:: TASK REQUIREMENTS ::
Return the data below exactly, minus the pictures.

:: SUPPLIED INFORMATION ::

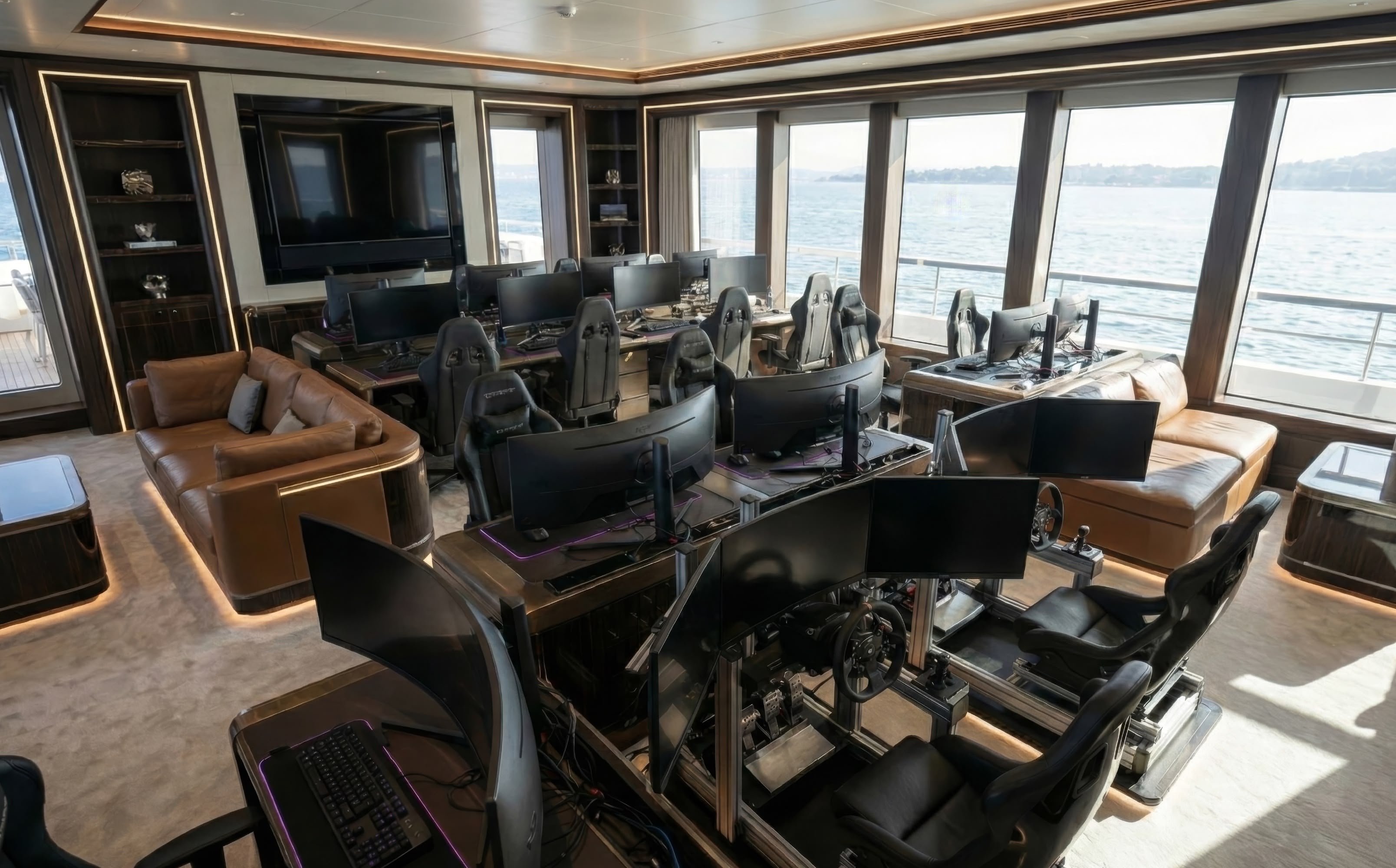 THE GAMING LOUNGE: In a nod to the owner’s professional legacy, the Bridge Deck, typically reserved for a formal lounge/saloon, houses a dedicated Gaming Lounge. The room is equipped with 15 high-performance PC gaming stations and two professional racing simulators. This is likely the most advanced LAN party setup on the high seas. It serves as a primary social hub, allowing for competitive gaming tournaments involving guests and potentially crew.
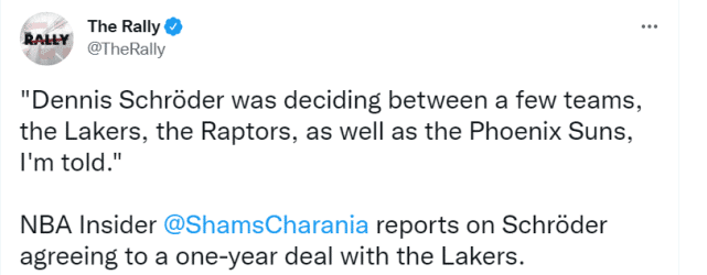 来源:直播车09-17 15:05直播车09月17日,名记Shams报道称,施罗德计划和湖人签下1年264万美元的合同,再次为这支球队效力,为此他拒绝了猛龙、太阳等队的邀请。施罗德本人也第一时间更新社媒,重回湖人后首次发声。名嘴Bill Simmons依然看衰湖人前景,认为得到施罗德湖人也只是西部9号种子。
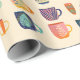 En mängd färgkaffe och te kopp med olika blommigt och mönster i hjärtat arrangeras i ett upprepande mönster mot en vit bakgrund. Varje kopp visar en unik kombination av färg och formgivning som skapar en dynamisk och symmetrisk visning.
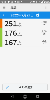 | 2022-07-29 | 血糖値 | 食事 | 超即効性インスリン 注射量 | 持続性インスリン 注射量 |

:: RESPONSE FOR THIS EXERCISE ::
 THE GAMING LOUNGE: In a nod to the owner’s professional legacy, the Bridge Deck, typically reserved for a formal lounge/saloon, houses a dedicated Gaming Lounge. The room is equipped with 15 high-performance PC gaming stations and two professional racing simulators. This is likely the most advanced LAN party setup on the high seas. It serves as a primary social hub, allowing for competitive gaming tournaments involving guests and potentially crew.
 来源:直播车09-17 15:05直播车09月17日,名记Shams报道称,施罗德计划和湖人签下1年264万美元的合同,再次为这支球队效力,为此他拒绝了猛龙、太阳等队的邀请。施罗德本人也第一时间更新社媒,重回湖人后首次发声。名嘴Bill Simmons依然看衰湖人前景,认为得到施罗德湖人也只是西部9号种子。
 En mängd färgkaffe och te kopp med olika blommigt och mönster i hjärtat arrangeras i ett upprepande mönster mot en vit bakgrund. Varje kopp visar en unik kombination av färg och formgivning som skapar en dynamisk och symmetrisk visning.
 | 2022-07-29 | 血糖値 | 食事 | 超即効性インスリン 注射量 | 持続性インスリン 注射量 |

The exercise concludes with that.